Importantly since spontaneous activity is largely orthogonal to evoked responses during sleep (Figure 4), the interference of sound responses with the internally‐generated sleep‐dependent processes such as memory consolidation[ 34 , 35 ] may be minimized. Our data does not precisely delineate the scale at which the intermittent gating of sensory information occurs in the cortex. We show that at least contralateral thalamic inputs and early cortical potentials are preserved during ipsilaterally observed gating events (Figure 5) indicating that these events are not a full shutdown of auditory processing, and are rather restricted to the cortex. We found that local population gating events are correlated with contralateral oscillatory activity modulations (Figure 6; Figure S8, Supporting Information), albeit with low predictive power (Figure 6E,F). This suggests that auditory population responsiveness could be impacted by slow changes in vigilance state[ 36 , 37 ] instead of specific time‐locked events. On the other hand, since sleep can be accompanied by localized changes in the neural circuit,[ 38 ] our data is also compatible with the hypotheses that local patches of cortex intermittently go offline while others preserve monitoring. Independent of the scale at which this mechanism occurs, it provides a powerful way to combine the need for surveillance and the need for offline processing during sleep.
Our results raise the question of where sensory gating happens since the weak reduction in responses with preserved population geometry that we observe seem insufficient to explain the sensory disconnection that is the hallmark of sleep. Our results support the hypothesis of a downstream, frontal gating.[ 1 , 2 ] Perturbations, whether sensory or artificial using TMS or optogenetics, show that frontal regions typically respond to sensory inputs with an evoked downstate that shuts off inter‐area communication.[ 39 , 40 , 41 ] Therefore, largely preserved sound responses in the auditory cortex may not be passed downstream in the processing hierarchy.
4. Experimental Section
Animals
Seven male C57BL/6 mice were used for experiments, all aged between 8 to 24‐week‐old, and had not undergone any other procedure before. Animals were housed in groups of two to four in controlled temperature and humidity conditions (21–23 °C, 45%–55% humidity), were maintained on a 12 h light‐dark cycle, and had ad libitum access to food, water, and enrichment (wooden logs, cotton bedding, and running wheel). All experiments were conducted during the light phase. All procedures were carried out in accordance with the French Ethical Committees #89 (authorization APAFIS#27040‐2020090316536717 v1).
Surgery
Mice were injected with buprenorphine (Vétergesic, 0,05–0,1 mg kg−1) 30 min prior to surgery. Surgical procedures were carried out using 3.5% isoflurane for induction delivered in an airtight box and were maintained at 1%–2% isoflurane via a mask for the rest of the procedure. After induction, mice were kept on a thermal blanket during the whole procedure and their eyes were protected with Ocrygel (TVM Lab). Lidocaine was injected under the skin of the skull 5 min prior to incision.

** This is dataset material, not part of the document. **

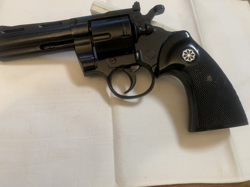 Biete Revolver Python von Umarex an . Optisch sehr gut . Voll funktionsfähig . Gereinigt , geölt und geprüft . Geliefert wird : Koffer , Abschussbecher , Bürste , Bedienanleitung und Explosionszeichnung .Privatverkauf

For local field potential recordings, coated tungsten (.002″ bare, 0.0040″ coated) wires were chronically implanted intracranially in the olfactory bulb OB (centered on Bregma; A/P: 4.2 mm, M/L: ‐0.5 mm, D/V: 2.25 mm), the dorsal hippocampus dHpc (centered on Bregma; A/P: ‐2.2 mm, M/L: ‐1.7 mm, D/V: 1.3 mm), the primary auditory cortex AC (centered on Bregma; A/P: ‐2.5 mm, M/L: ‐3.75 mm, D/V: 1.25 mm) with a motorized stereotactic arm (StereoDrive, Neurostar, Tubingen, Germany), and at the surface of the cerebellum for ground and references. Silver wires (.005″ bare, 0.0070″ coated) were wrapped around the dorsal neck muscles for electromyography. All electrode wires were pinned to 16 channels EIB (Omnetics, Minneapolis, MN) fixated on the skull of the animal with dental cement (Super‐Bond, Sun Medical, Japan).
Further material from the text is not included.